Problem details ->
Down to the last line below, repeat the entries word for word and drop the pictures.

Information provided ->
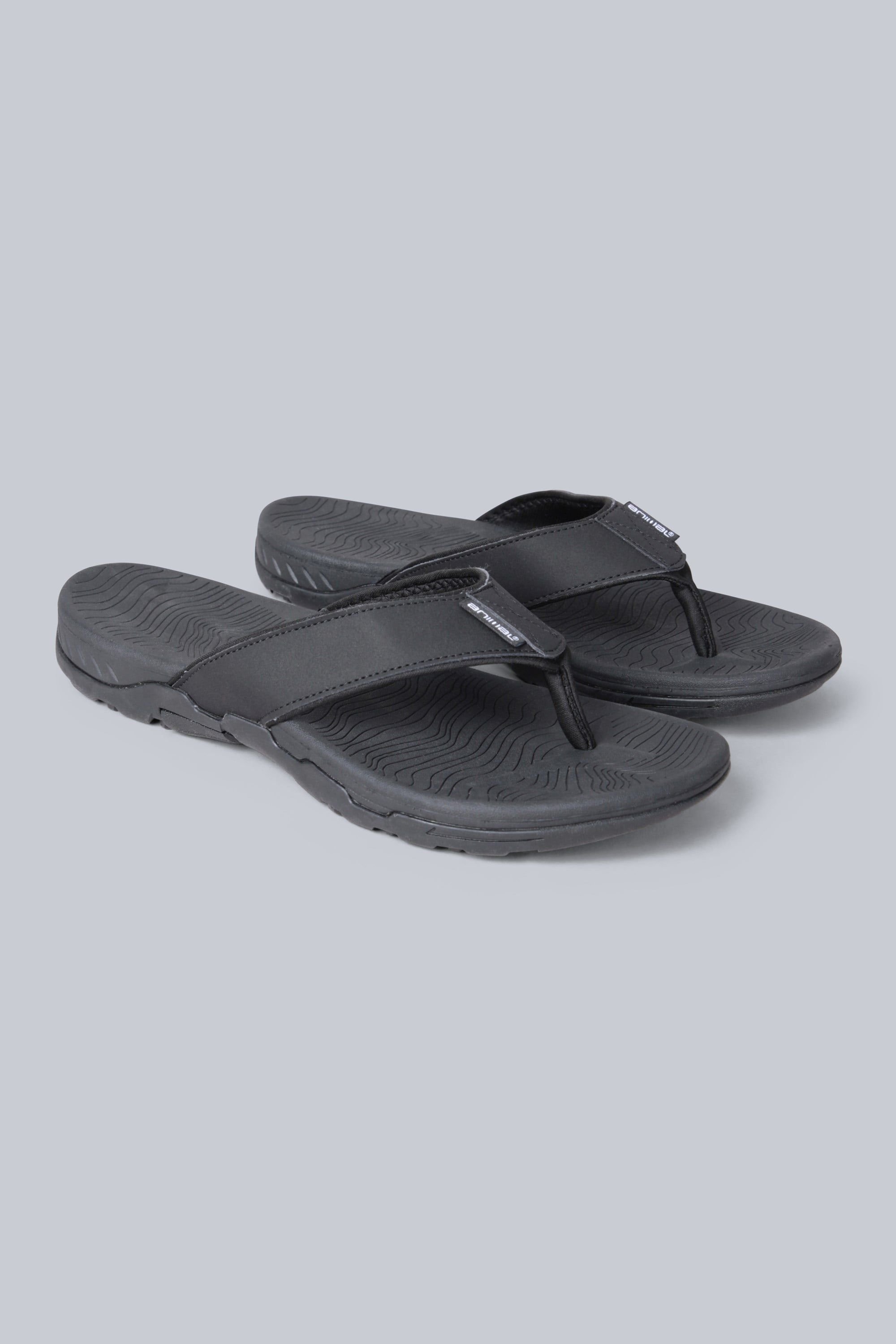 Casual flip flops in black featuring a lightweight and comfortable design. Perfect for outdoor activities and everyday wear.
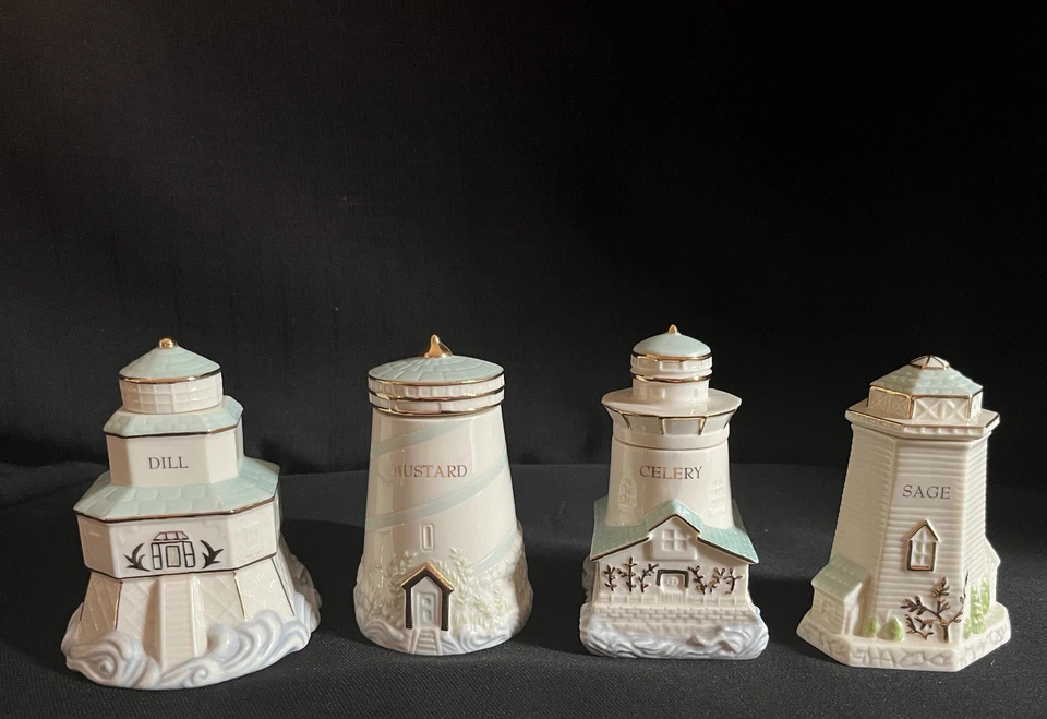 Nombre del producto:Tarros de especias de Casa de porcelana Tarros de especias Seaside Spice Jars Lighthouse Collection
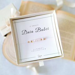 Bransoletka jest zapakowana w eleganckie pudełko jubilerskie w postaci szufladki z pozłacanym logo, w trzech wariantach kolorystycznych do wyboru: czarny, beżowy lub pudrowy róż. Wewnątrz pudełka znajduje się karteczka z nazwą kolekcji oraz napis - Z okazji Dnia Babci. Na odwrocie zaś można znaleźć opis właściwości danego kamienia.
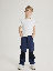 • Midjen har hemper til belte og kan reguleres på innsiden med knapphullsstrikk.
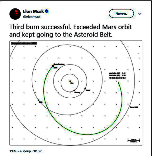 Но не все так гладко: вторая ступень Falcon Heavy слишком сильно разогнала «Теслу» — и вместо того, чтобы курсировать вокруг Солнца между Землей и Марсом, она отправилась лавировать в пояс астероидов между Марсом и Юпитером

Solution ->
 Casual flip flops in black featuring a lightweight and comfortable design. Perfect for outdoor activities and everyday wear.
 Nombre del producto:Tarros de especias de Casa de porcelana Tarros de especias Seaside Spice Jars Lighthouse Collection
 Bransoletka jest zapakowana w eleganckie pudełko jubilerskie w postaci szufladki z pozłacanym logo, w trzech wariantach kolorystycznych do wyboru: czarny, beżowy lub pudrowy róż. Wewnątrz pudełka znajduje się karteczka z nazwą kolekcji oraz napis - Z okazji Dnia Babci. Na odwrocie zaś można znaleźć opis właściwości danego kamienia.
 • Midjen har hemper til belte og kan reguleres på innsiden med knapphullsstrikk.
 Но не все так гладко: вторая ступень Falcon Heavy слишком сильно разогнала «Теслу» — и вместо того, чтобы курсировать вокруг Солнца между Землей и Марсом, она отправилась лавировать в пояс астероидов между Марсом и Юпитером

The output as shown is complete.